All that was known for sure is that once a Nishan Sahib goes up, it does not come down except for maintenance or religious observances. Any attempt to remove the Nishan Sahib would have been news — bad news — from here to India and around the world.

But sanity prevailed when the Board of Variance heard appeal submissions by the Khalsa Darbar executive, led by Indermohan Singh Sohi.

In a strange turn of events, a city planning officer was on hand to indicate his support for the Khalsa Darbar presentation, effectively supporting their appeal of his own department’s decision. Citing new submissions by the society and previous “misunderstanding,” he said the city “can and does” support the height violation.

Behind the scenes, Vision Vancouver councillors Raymond Louie, George Chow and I had worked to find a solution. City staff found the exit strategy in their “can and does” submission.

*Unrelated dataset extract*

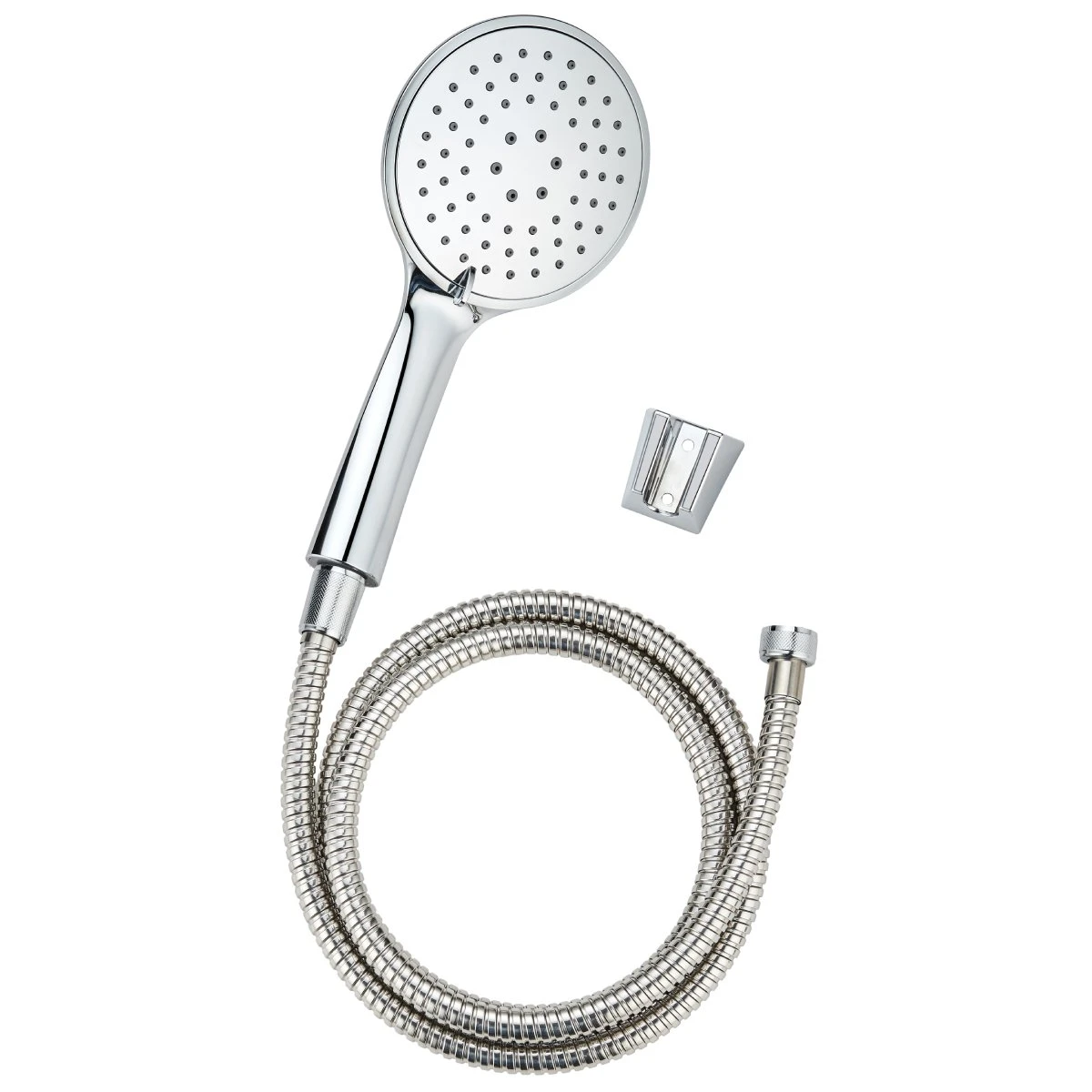 AB dušas komplekts ir hromēts vannas istabas risinājums ar 3 ūdens plūsmas režīmiem, kas nodrošina luksusa dušas pieredzi ar maksimālu komfortu un funkcionalitāti. Šis pilnīgais komplekts ietver lielu dušas galviņu ar trīs dažādiem strūklu veidiem, augstas kvalitātes hromētu šļūteni un elegantu sienas stiprinājumu, kas ļauj izveidot profesionālu dušas sistēmu. Dušas galviņas trīs režīmi nodrošina plašu ūdens plūsmas spektru no maiga lietus efekta līdz intensīvam masažas režīmam, ļaujot pilnībā personalizēt dušas procedūru atbilstoši noskaņojumam un vajadzībām. Hromētā apdare ne tikai rada greznu izskatu, bet arī garantē izcilu izturību pret mitrumu, koroziju un ikdienas nolietojumu, vienlaikus atvieglojot tīrīšanu un apkopi. Lielais dušas galvas izmērs nodrošina plašāku ūdens pārklājumu un ekskluzīvu dušas pieredzi. Dušas galvas diametrs 12 cm, kopējais garums 24.5 cm, dušas pievada garums 150 cm.

The bizarre saga began when the gurdwara committee installed the religious symbol during the 2004 civic strike as conversion of the former church was completed. With City Hall behind picket lines, no permits were available, but the society believed none was required for this vital religious symbol, as important to a gurdwara as a cross is to a church.

Using the services of a professional engineer, the committee build the Nishan Sahib to the standards in place at other gurdwaras. Even when lowered, it remains within the gurdwara property lines.

Later, when city officials objected to the Nishan Sahib’s height, the gurdwara committee immediately applied for a permit. Neighbours were advised of the application and few, if any, expressed any concern.

But the city planning department refused to approve the application in a decision issued in August 2008.

The Khalsa Darbar Society appealed to the Board of Variance in September and to candidates for city council, particularly those from Vision Vancouver.

Soon after November’s election, Meggs and Chow urged city staff to hear additional submissions from the Khalsa Darbar Society. Sohi and other committee members assembled  photos and documentary material for review by staff and the Board of Variance.

The result was a quick and simple end to a complex bureaucratic tale, more proof, if any is needed, that navigating city rules “can and does” require patience and a sense of humour.